La Direttiva (UE) 2019/633 del Parlamento europeo e del Consiglio, del 17 aprile 2019, in materia di pratiche commerciali sleali nei rapporti tra imprese nella filiera agricola e alimentare, cui a suo tempo ho dedicato uno specifico approfondimento, ha rappresentato un passaggio importante, ma anche prudente: un livello minimo di armonizzazione, lasciando agli Stati membri ampi margini di manovra nell’attuazione e nei controlli. A distanza di alcuni anni dalla sua entrata in vigore effettiva, la Commissione europea ha pubblicato la prima valutazione ufficiale della direttiva, accompagnata da un approfondito documento di lavoro dei servizi.
Questa valutazione arriva in un momento politicamente significativo. Solo pochi mesi prima, nel maggio 2025, la Commissione aveva presentato una proposta di regolamento volta a rafforzare la posizione degli agricoltori nella filiera alimentare, modificando tre pilastri della politica agricola comune e dell’organizzazione dei mercati. Una proposta recente che ho già analizzato su questo blog, evidenziandone il potenziale di riequilibrio dei rapporti di forza lungo la catena del valore.
La sequenza temporale non è casuale: la valutazione della direttiva sulle pratiche sleali fornisce infatti la base empirica e politica su cui si innestano le nuove iniziative legislative.
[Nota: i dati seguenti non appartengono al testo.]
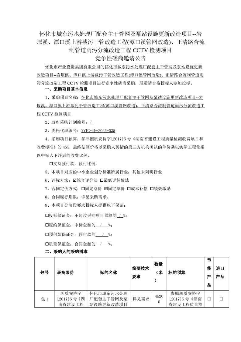 懷化市產(chǎn)業(yè)投資集團有限公司的懷化市城東污水處理廠配套主干管網(wǎng)及泵站設施更新改造項目--巖堰溪、潭口溪上游截污干管改造工程(潭口溪管網(wǎng)改造)、正清路合流制管道雨污分流改造工程CCTV檢測項目競爭性磋商邀請公告

Per comprenderne davvero il senso, è utile partire proprio dai risultati di questa prima verifica.
I risultati della valutazione: luci e ombre dell’intervento europeo
La valutazione condotta dalla Commissione offre un quadro articolato, che evita sia l’autocompiacimento sia il giudizio negativo sommario. Il messaggio di fondo è chiaro: la direttiva ha migliorato il contesto, ma non ha ancora corretto gli squilibri strutturali della filiera.
Miglioramenti percepiti, ma risultati ancora limitati
Secondo la Commissione, non è possibile dimostrare una riduzione netta e generalizzata delle pratiche sleali in tutta l’Unione. Tuttavia, emergono segnali positivi su alcuni aspetti particolarmente sensibili per gli agricoltori:
- una diminuzione dei ritardi di pagamento, soprattutto per i prodotti deperibili;
- una maggiore attenzione alla forma e alla chiarezza dei contratti;
- un progressivo aumento delle attività di controllo da parte delle autorità nazionali.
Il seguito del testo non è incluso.